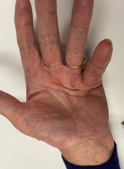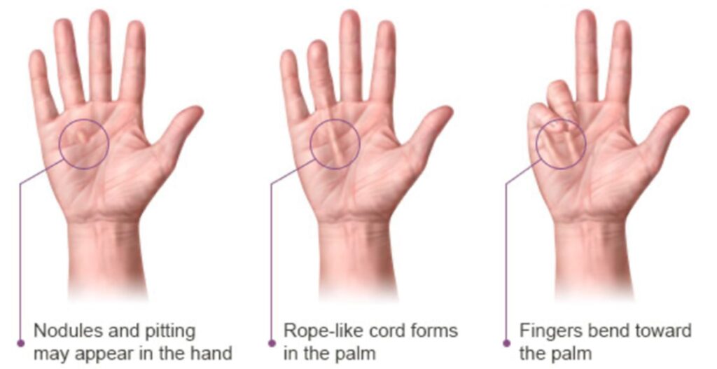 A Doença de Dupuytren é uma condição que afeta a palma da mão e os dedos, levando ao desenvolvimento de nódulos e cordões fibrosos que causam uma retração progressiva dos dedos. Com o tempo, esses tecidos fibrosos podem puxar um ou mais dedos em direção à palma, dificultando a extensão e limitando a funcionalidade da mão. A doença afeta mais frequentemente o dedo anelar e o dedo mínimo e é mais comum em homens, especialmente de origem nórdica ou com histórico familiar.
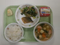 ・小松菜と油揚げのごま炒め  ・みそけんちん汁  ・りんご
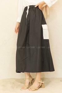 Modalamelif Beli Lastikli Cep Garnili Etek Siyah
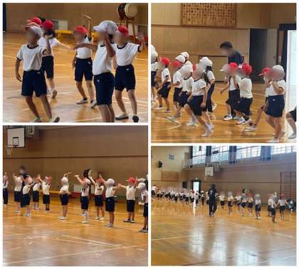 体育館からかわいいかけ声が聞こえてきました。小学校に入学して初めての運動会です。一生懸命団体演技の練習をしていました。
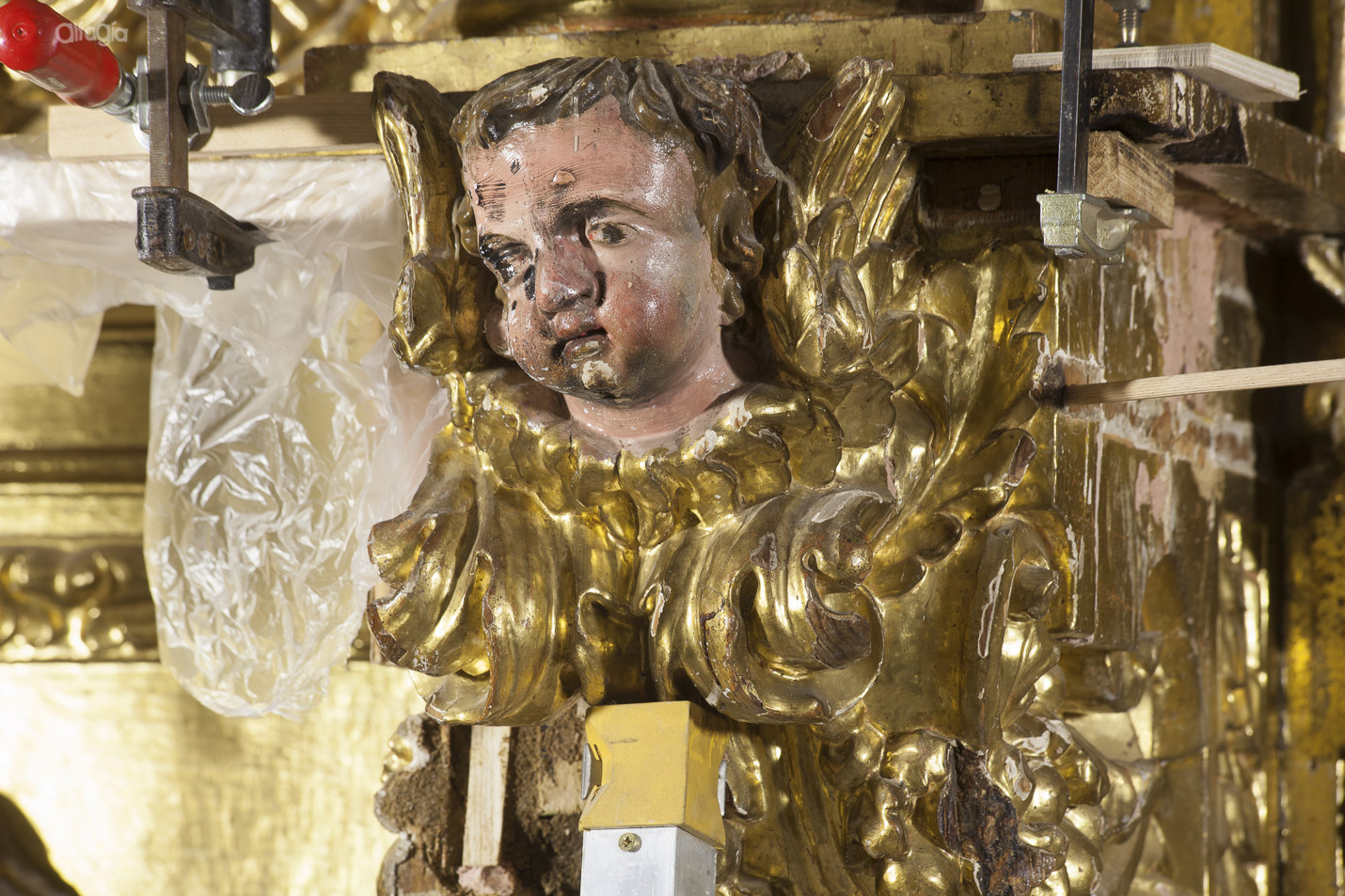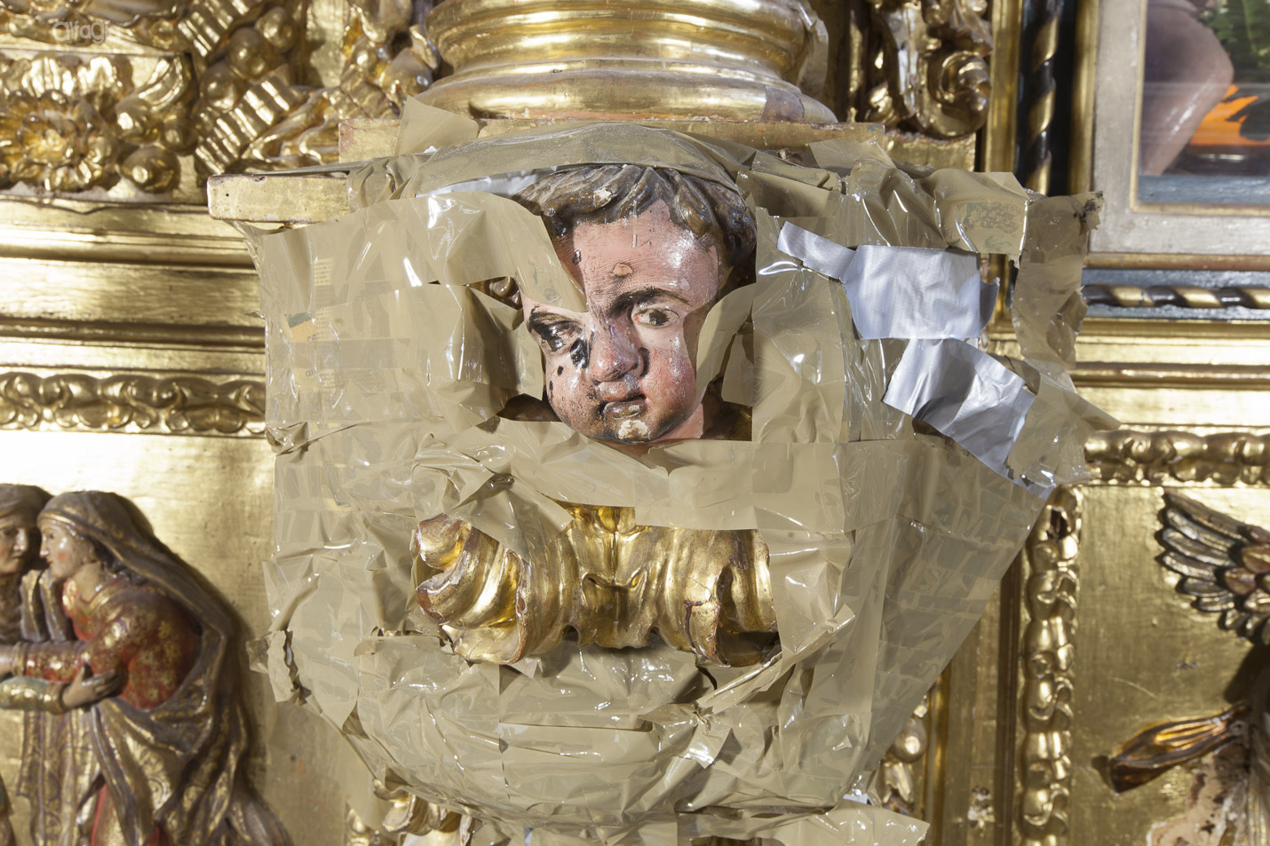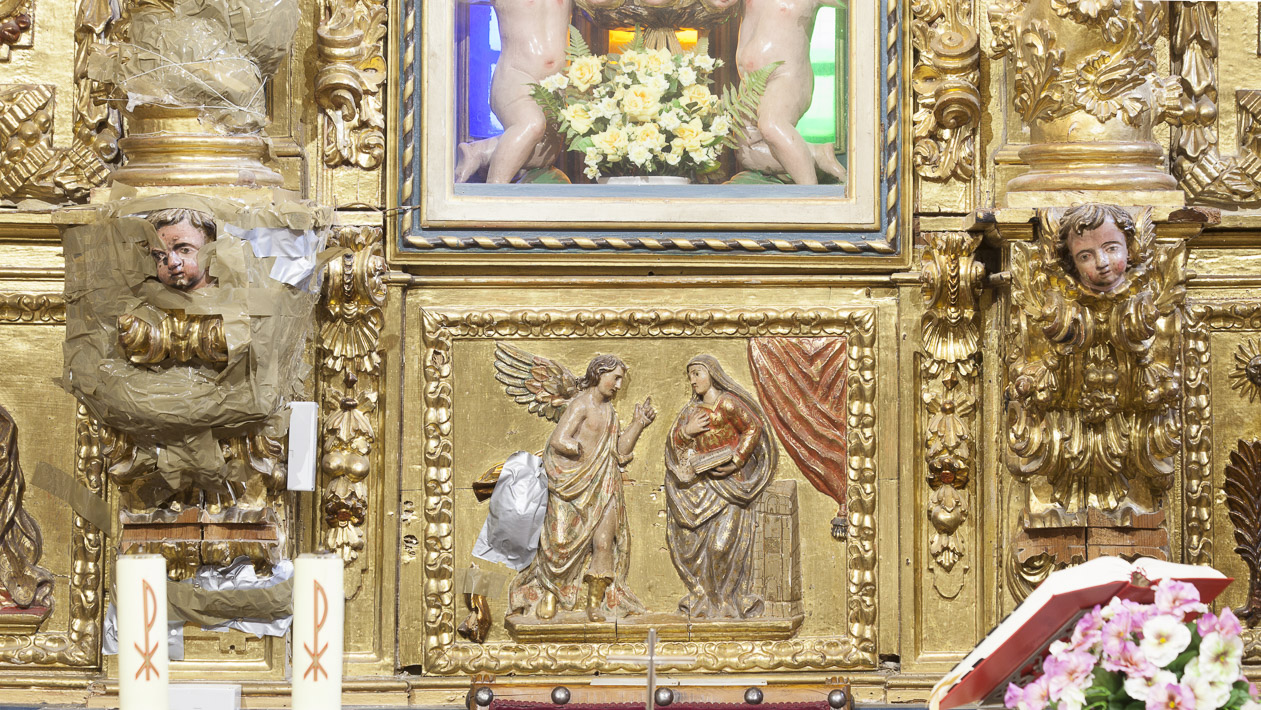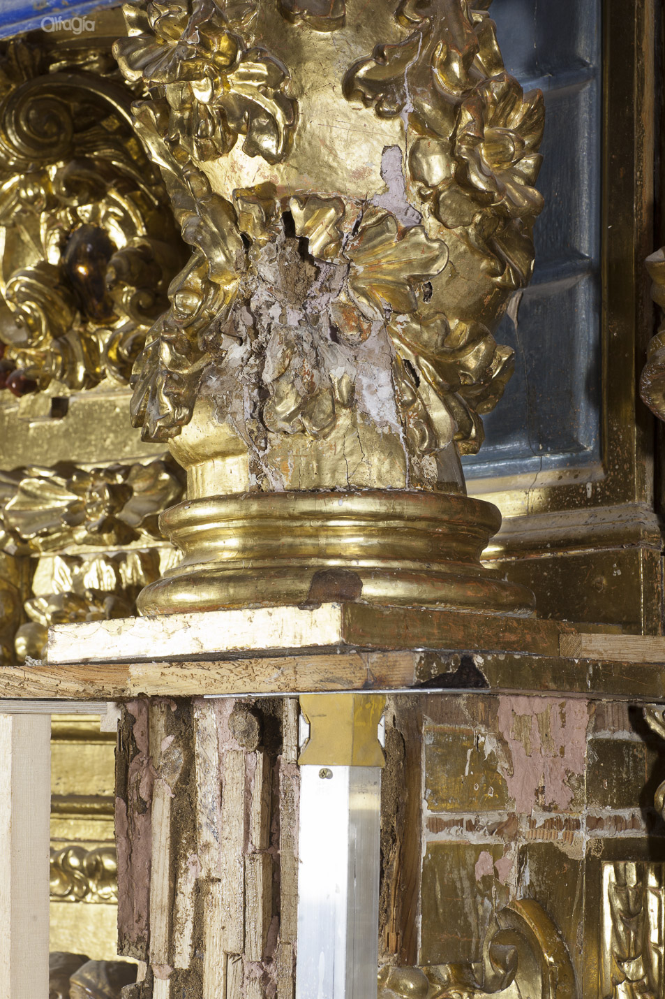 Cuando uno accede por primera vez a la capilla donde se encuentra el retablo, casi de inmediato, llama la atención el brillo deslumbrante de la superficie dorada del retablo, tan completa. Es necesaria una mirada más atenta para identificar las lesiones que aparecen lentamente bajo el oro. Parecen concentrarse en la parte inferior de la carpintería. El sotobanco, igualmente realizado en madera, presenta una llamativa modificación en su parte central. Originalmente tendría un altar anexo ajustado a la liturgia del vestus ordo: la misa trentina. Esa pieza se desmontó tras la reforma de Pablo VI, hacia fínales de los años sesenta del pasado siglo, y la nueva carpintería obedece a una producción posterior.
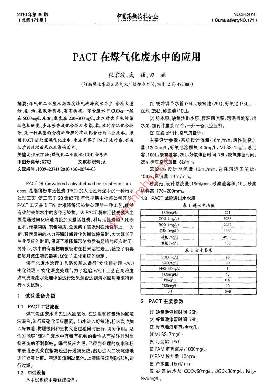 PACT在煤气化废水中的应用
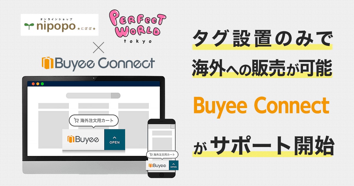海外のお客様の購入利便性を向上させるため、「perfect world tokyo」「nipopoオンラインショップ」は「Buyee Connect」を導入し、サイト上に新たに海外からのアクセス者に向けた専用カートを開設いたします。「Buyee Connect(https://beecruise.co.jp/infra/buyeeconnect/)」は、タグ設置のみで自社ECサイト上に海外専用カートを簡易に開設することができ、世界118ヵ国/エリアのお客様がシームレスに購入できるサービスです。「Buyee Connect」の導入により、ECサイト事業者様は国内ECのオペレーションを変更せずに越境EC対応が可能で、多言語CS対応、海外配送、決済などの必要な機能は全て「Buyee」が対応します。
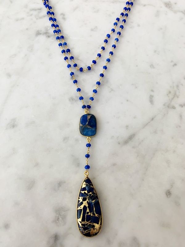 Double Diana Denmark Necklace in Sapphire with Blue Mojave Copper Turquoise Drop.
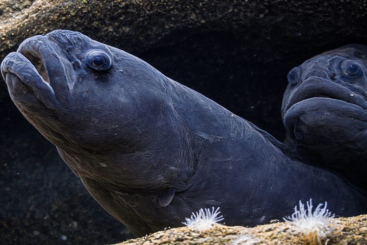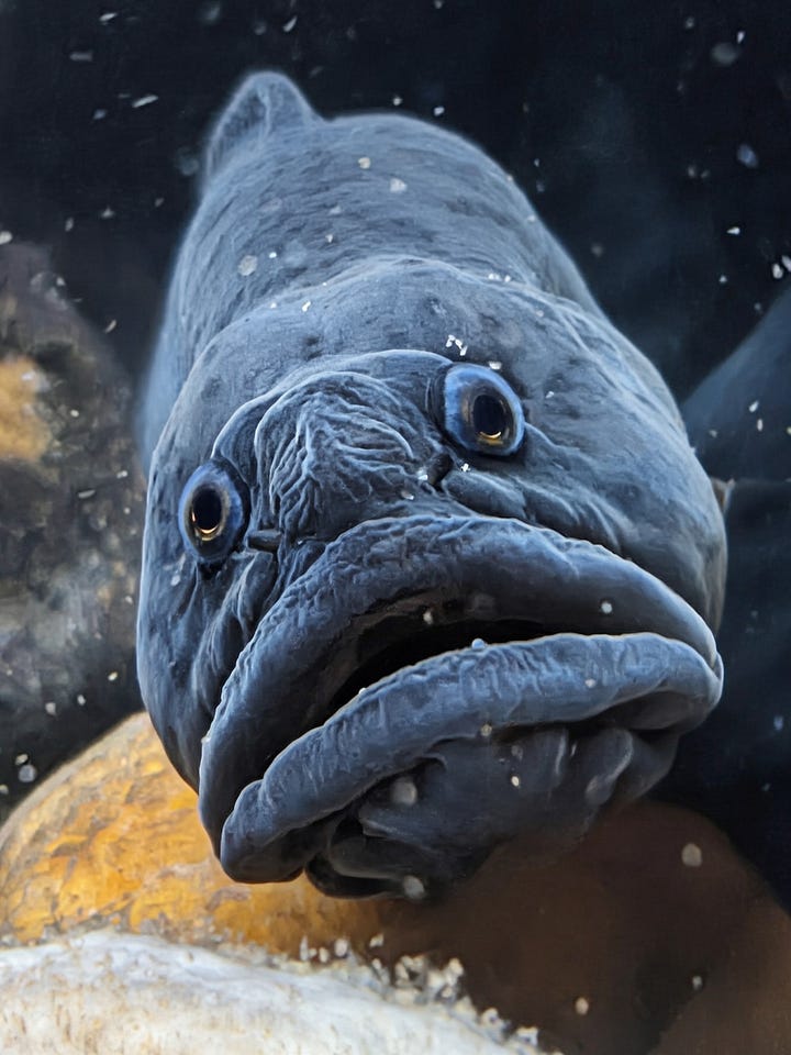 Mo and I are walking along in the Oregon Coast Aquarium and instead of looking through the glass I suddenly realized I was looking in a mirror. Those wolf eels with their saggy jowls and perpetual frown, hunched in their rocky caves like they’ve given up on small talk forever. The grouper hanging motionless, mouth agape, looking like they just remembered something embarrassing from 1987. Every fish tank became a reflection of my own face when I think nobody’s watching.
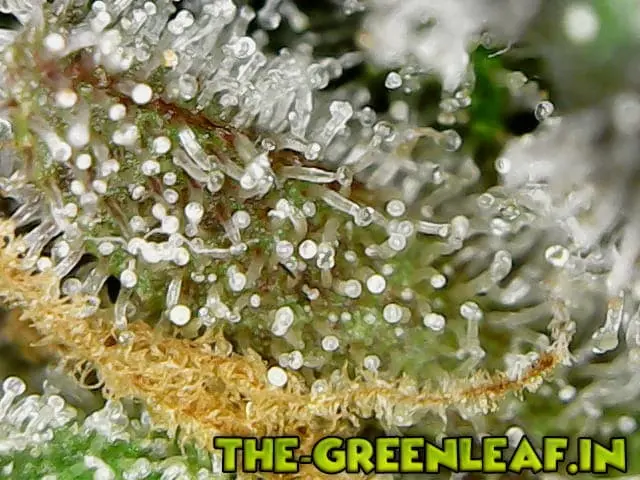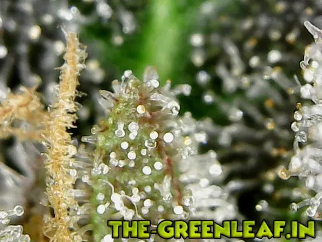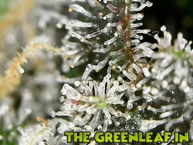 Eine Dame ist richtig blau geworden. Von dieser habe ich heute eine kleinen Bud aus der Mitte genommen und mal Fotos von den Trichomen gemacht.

================

## Directions for this task
In your copy, please omit the pictures and print every line of the records exactly.

## Expected output
 A Doença de Dupuytren é uma condição que afeta a palma da mão e os dedos, levando ao desenvolvimento de nódulos e cordões fibrosos que causam uma retração progressiva dos dedos. Com o tempo, esses tecidos fibrosos podem puxar um ou mais dedos em direção à palma, dificultando a extensão e limitando a funcionalidade da mão. A doença afeta mais frequentemente o dedo anelar e o dedo mínimo e é mais comum em homens, especialmente de origem nórdica ou com histórico familiar.
 ・小松菜と油揚げのごま炒め  ・みそけんちん汁  ・りんご
 Modalamelif Beli Lastikli Cep Garnili Etek Siyah
 体育館からかわいいかけ声が聞こえてきました。小学校に入学して初めての運動会です。一生懸命団体演技の練習をしていました。
 Cuando uno accede por primera vez a la capilla donde se encuentra el retablo, casi de inmediato, llama la atención el brillo deslumbrante de la superficie dorada del retablo, tan completa. Es necesaria una mirada más atenta para identificar las lesiones que aparecen lentamente bajo el oro. Parecen concentrarse en la parte inferior de la carpintería. El sotobanco, igualmente realizado en madera, presenta una llamativa modificación en su parte central. Originalmente tendría un altar anexo ajustado a la liturgia del vestus ordo: la misa trentina. Esa pieza se desmontó tras la reforma de Pablo VI, hacia fínales de los años sesenta del pasado siglo, y la nueva carpintería obedece a una producción posterior.
 PACT在煤气化废水中的应用
海外のお客様の購入利便性を向上させるため、「perfect world tokyo」「nipopoオンラインショップ」は「Buyee Connect」を導入し、サイト上に新たに海外からのアクセス者に向けた専用カートを開設いたします。「Buyee Connect(https://beecruise.co.jp/infra/buyeeconnect/)」は、タグ設置のみで自社ECサイト上に海外専用カートを簡易に開設することができ、世界118ヵ国/エリアのお客様がシームレスに購入できるサービスです。「Buyee Connect」の導入により、ECサイト事業者様は国内ECのオペレーションを変更せずに越境EC対応が可能で、多言語CS対応、海外配送、決済などの必要な機能は全て「Buyee」が対応します。
 Double Diana Denmark Necklace in Sapphire with Blue Mojave Copper Turquoise Drop.
 Mo and I are walking along in the Oregon Coast Aquarium and instead of looking through the glass I suddenly realized I was looking in a mirror. Those wolf eels with their saggy jowls and perpetual frown, hunched in their rocky caves like they’ve given up on small talk forever. The grouper hanging motionless, mouth agape, looking like they just remembered something embarrassing from 1987. Every fish tank became a reflection of my own face when I think nobody’s watching.
 Eine Dame ist richtig blau geworden. Von dieser habe ich heute eine kleinen Bud aus der Mitte genommen und mal Fotos von den Trichomen gemacht.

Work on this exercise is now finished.